After picking a graduate program, the next big decision for a first-year graduate student is picking an advisor. One of the factors to consider in this decision is the academic age of the Professor and his or her lab. Do you want to work for the energetic Assistant Professor that joined the department last year, or go for the seasoned Full Professor with a twenty year history of training young scientists? Here I’ll break down the general pro’s and con’s of these labs, and perhaps give you some new things to think about in the process.

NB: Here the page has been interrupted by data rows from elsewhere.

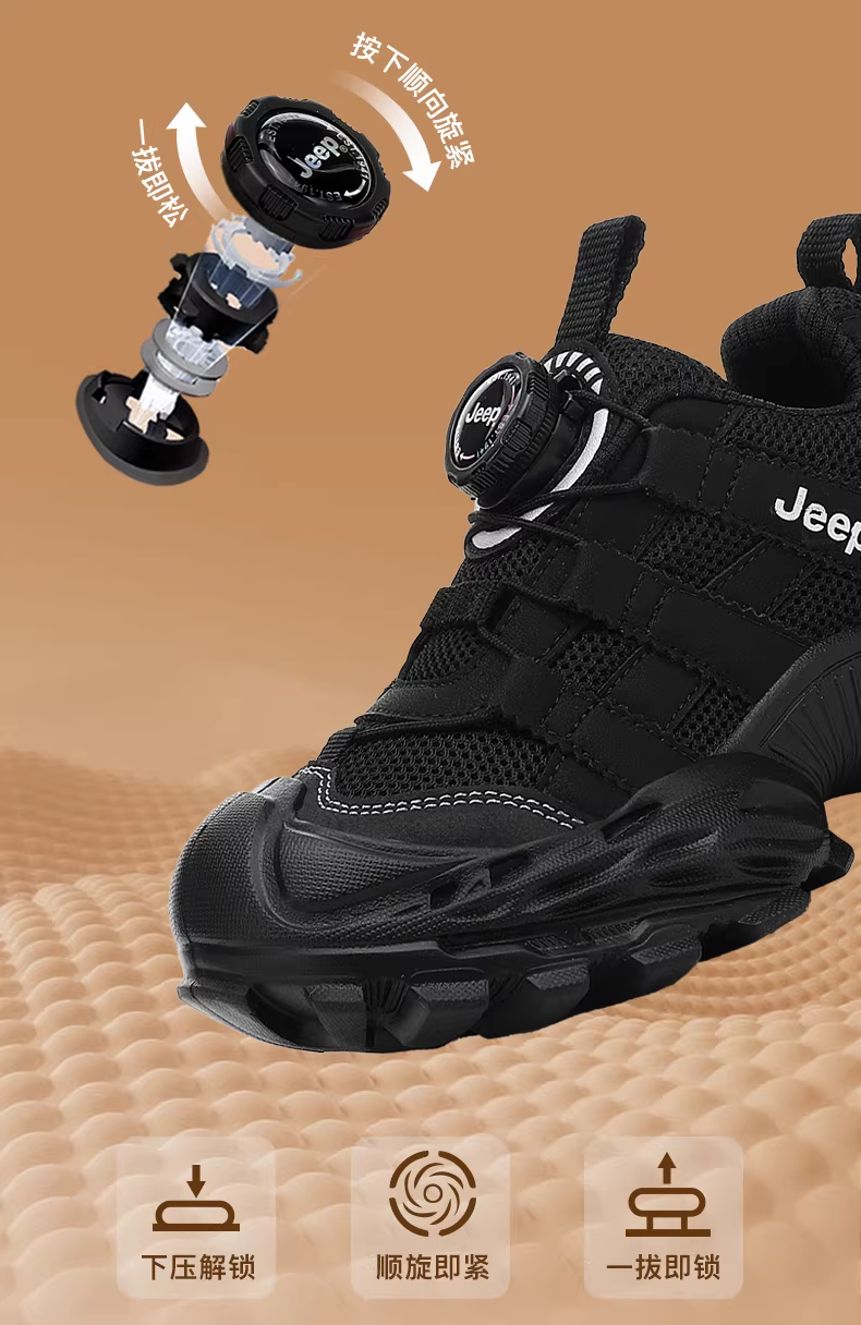 - Giày trẻ em Jeep màu đen, giày thể thao bé trai mùa thu, giày trẻ em 2025 kiểu mới thời thượng, giày lưới cá tính cho bé trai
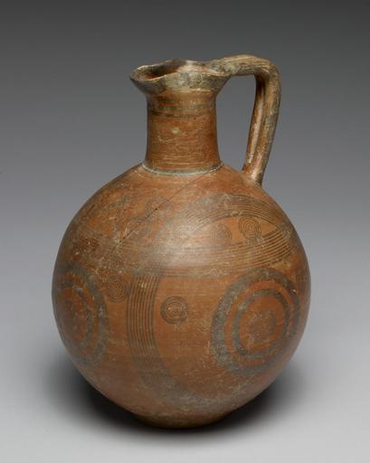 | Keywords: Cypriote - Black-on-Red Ware Jug with Geometric Design - Walters 482341 - Three Quarter Left.jpg Small and portable these jugs have been found throughout the lands surrounding Cyprus Called Black-on-Red Ware this attractive ceramic type comprises mostly small jugs The red-brown slip has a polished lustrous surface with simple geometric designs painted in black The decoration of this pottery follows the circle style of the Bichrome Ware jugs century 7 BC terracotta cm 21 accession number 48 2341 2957 William H Smith Alexandria VA Walters Art Museum 1973 by purchase Museum purchase with funds provided by the S A P Fund 1973 place of origin Cyprus Walters Art Museum license Ancient Greek pottery in the Walters Art Museum Ancient Cyprus Media contributed by the Walters Art Museum needs category review Objects on gray background |
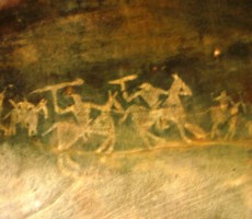 Bhimbetka displays paintings that appear to date from Mesolithic period right through the Historical period. The paintings shows gradual development of social-cultural life of mankind. The rock paintings of early phase comprises human and animal figures in line drawings. The rock paintings of Mesolithic period are demonstrated by hunting scenes. Most of the hunting scenes belong to the earlier phase confined to Mesolithic and Chalcolithic periods whereas horse riding, elephant riding and battle scenes which appear more refined are associated with Historical period.
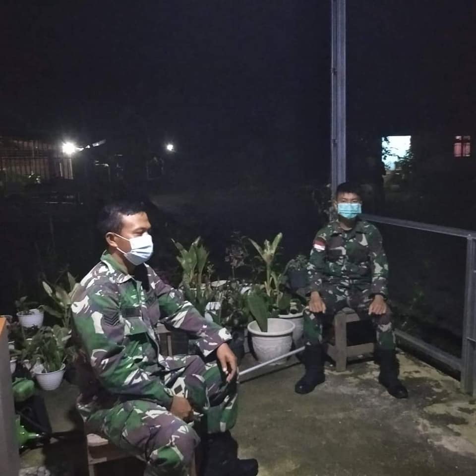 Putussibau – kodim 1206/Putussibau melaksanakan patroli malam dan melakukan peninjauan ke rumah warga yang melaksanakan isolasi mandiri serta memastikan warga yang di isolasi benar benar melaksanakan dengan demi menjaga kesehatan bagi warga yang lain
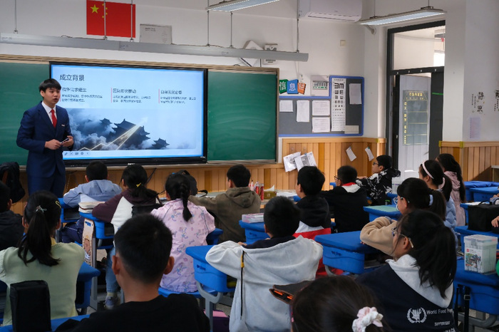 首先,宣讲员为小学生们讲述了人民空军在战火中诞生、在奋斗中成长的壮丽背景。从“马拉飞机”的艰苦岁月到如今战鹰翱翔的辉煌成就,一段段感人的历史故事,让孩子们深刻体会到人民空军白手起家、不畏艰难的峥嵘岁月,理解了“蓝天守护者”这一称号背后沉甸甸的责任与荣光。
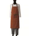 肩と腰ひもの別布テープ使い(綿100%)など旬なディティールがクラフト感満載な胸当てエプロンです。
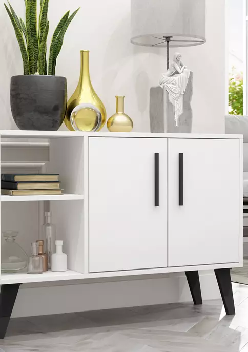 Become the entertainer you always wanted to be with this 35.43-inch white Amsterdam sideboard by Manhattan Comfort. With open shelving perfect for wine glasses, dishes, books, and favorite travel trinkets, and ample display space for platters and snacks, this sideboard is functional and will always remain a mainstay for your dining or living space. Two doors conceal a pair of shelves that work well for storing dinner party essentials and tucking away items when the event is over. Splayed legs and long handles keep this piece modern and sophisticated and blending easily with any existing decor.

The new Assistant Professor

The Good: A young Professor is almost certainly going to have a small lab, and in the first couple of years he or she is probably going to actually be in the lab, working beside you. They will be heavily invested in your success, since he or she is unlikely to be successful themselves if you flounder or fail. The amount of personal attention will likely be very high, and when snags are encountered, they will be tackled head-on, possibly by the Professor themselves. In addition, an Assistant Professor still has a strong sense of ‘lab-time’, the amount of time it actually takes to accomplish a particular experiment, keeping expectations reasonable. Since the Professor has likely spent several years laying out the foreseeable path of his or her research, the research goals and milestones are well defined. The research topic is going to be ‘hot’, since hiring committees aren’t likely to hire someone proposing to start their career on a well-worn path, and the Professor will probably be energetic, which can lend a sense of energy and excitement to the lab, making it a place you want to be even when your experiments aren’t going well.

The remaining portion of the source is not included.